Retype all the records below exactly as they are, with no image carried over.

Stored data
▬▬▬▬▬▬
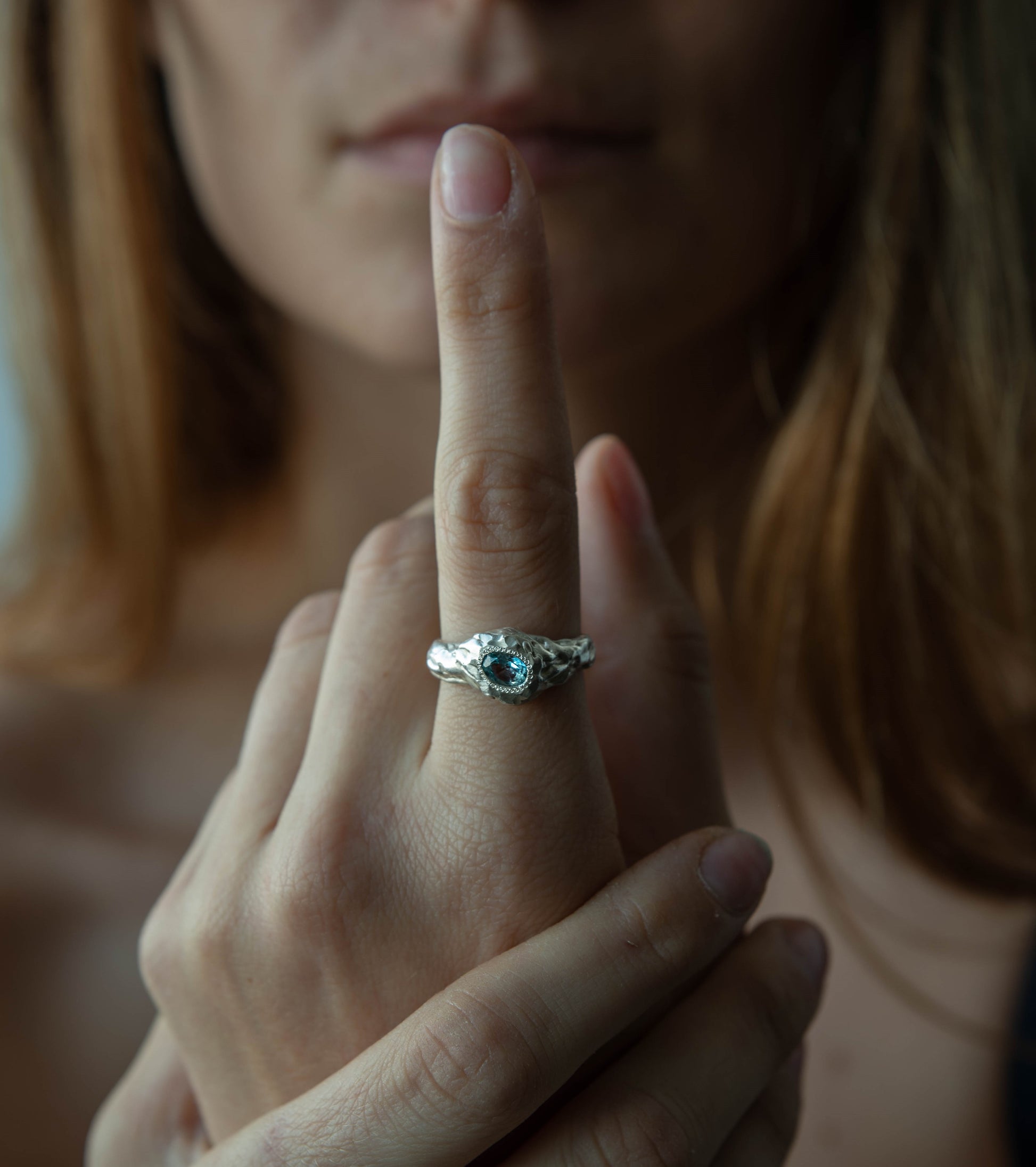 טבעת געש עשויה בעבודת יד מכסף 925 בטכניקת פיסול בשעווה.
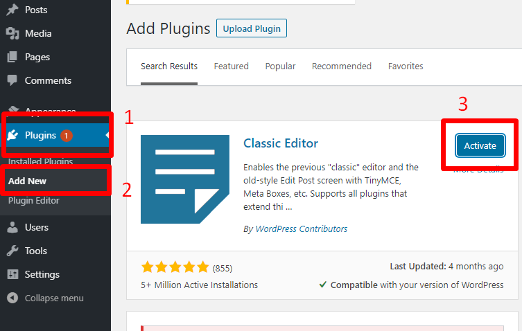 Installing Classic Editor Plugin
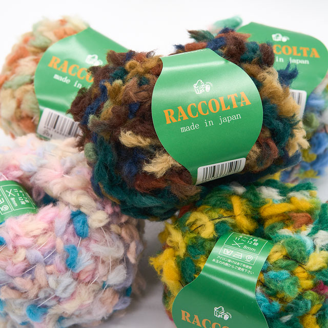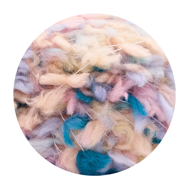 シンプルな編み方でも色とりどりのボア風編地に仕上がります。
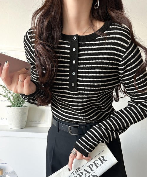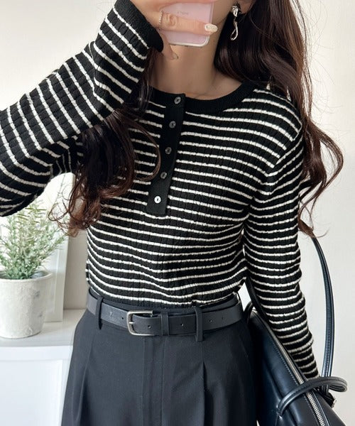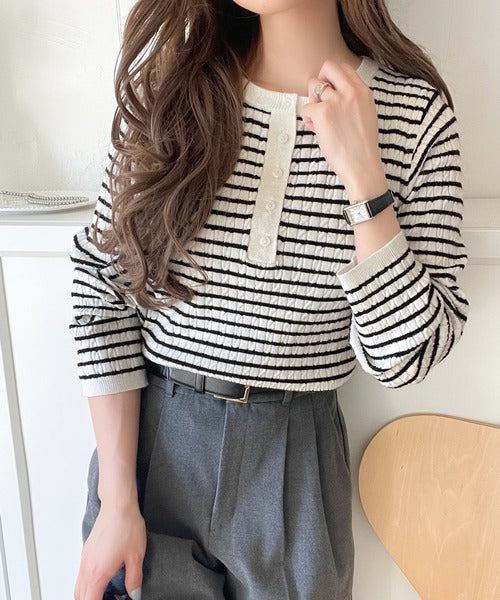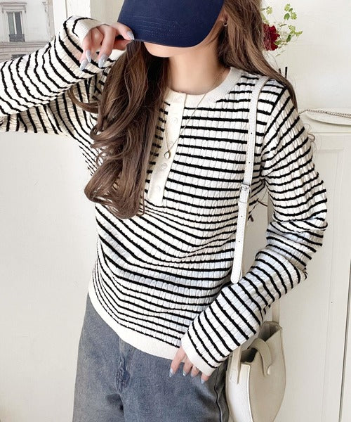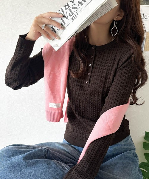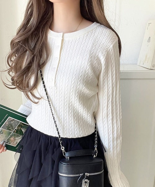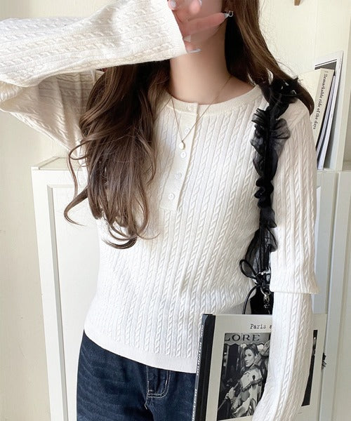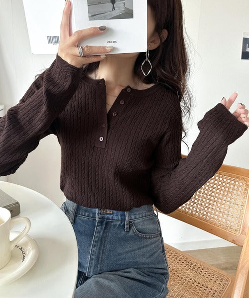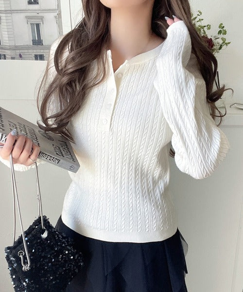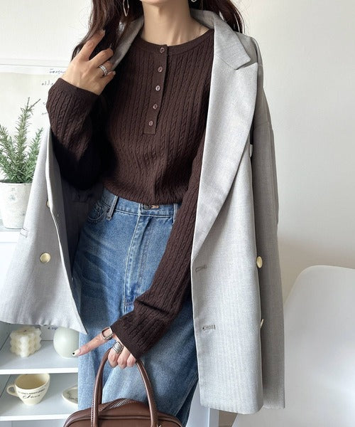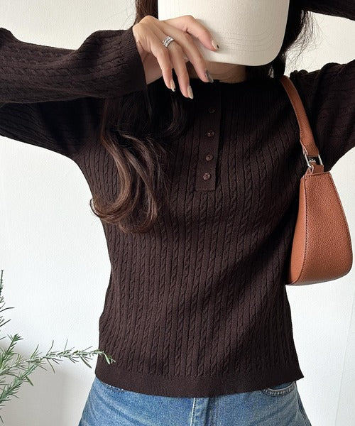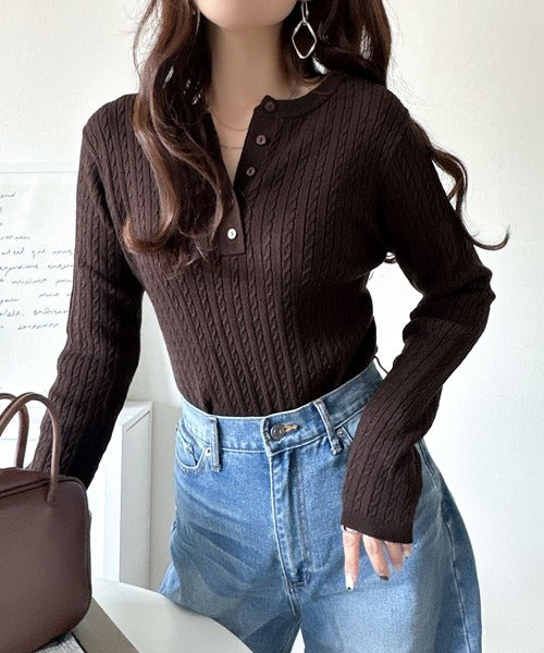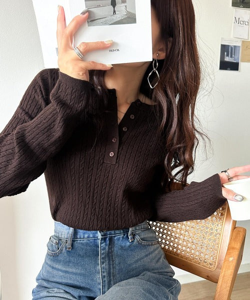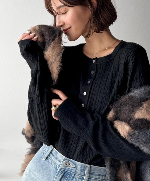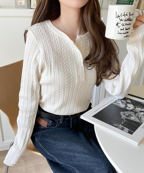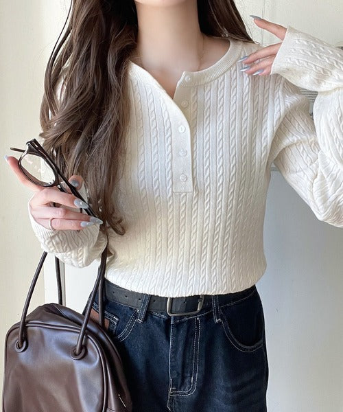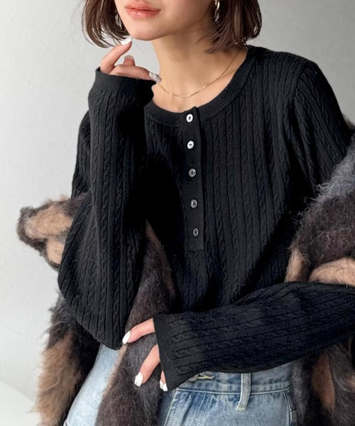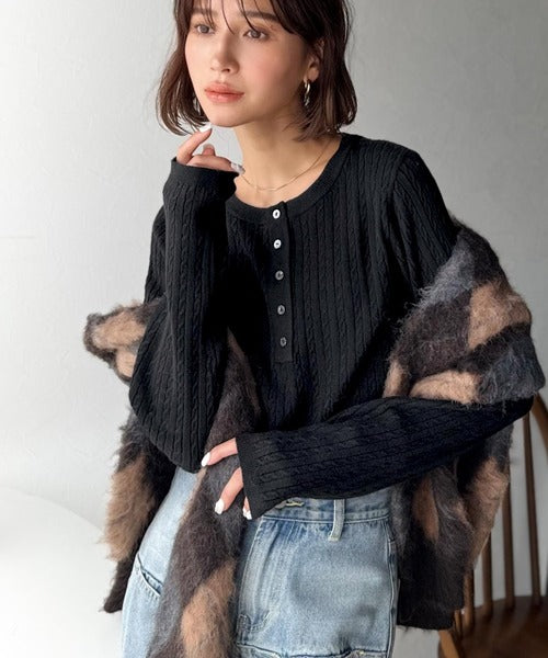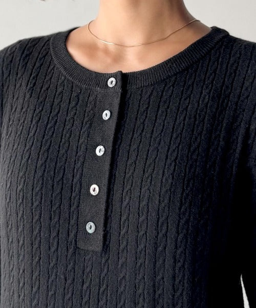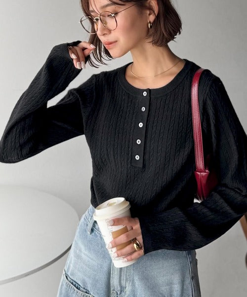 襟元のボタン使いがアクセントのミニケーブルヘンリーネックニット。
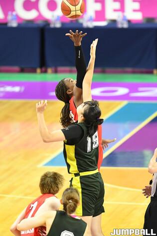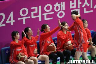 [점프볼=아산/박상혁 기자] 4일 아산 이순신체육관에서 열린 2024 우리은행 박신자컵 캐세이라이프와 후지쯔 레드웨이브의 경기, 후지쯔 미야시타 키호가 동료들과 하이파이브를 하고 있다.
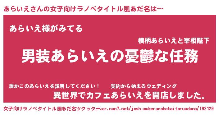 | ヘコむあだ名 | 『あらっちょ』『あらいえ(震え声)』 |
▬▬▬▬▬▬
* [REPLY]:
 טבעת געש עשויה בעבודת יד מכסף 925 בטכניקת פיסול בשעווה.
 Installing Classic Editor Plugin
 シンプルな編み方でも色とりどりのボア風編地に仕上がります。
 襟元のボタン使いがアクセントのミニケーブルヘンリーネックニット。
 [점프볼=아산/박상혁 기자] 4일 아산 이순신체육관에서 열린 2024 우리은행 박신자컵 캐세이라이프와 후지쯔 레드웨이브의 경기, 후지쯔 미야시타 키호가 동료들과 하이파이브를 하고 있다.
 | ヘコむあだ名 | 『あらっちょ』『あらいえ(震え声)』 |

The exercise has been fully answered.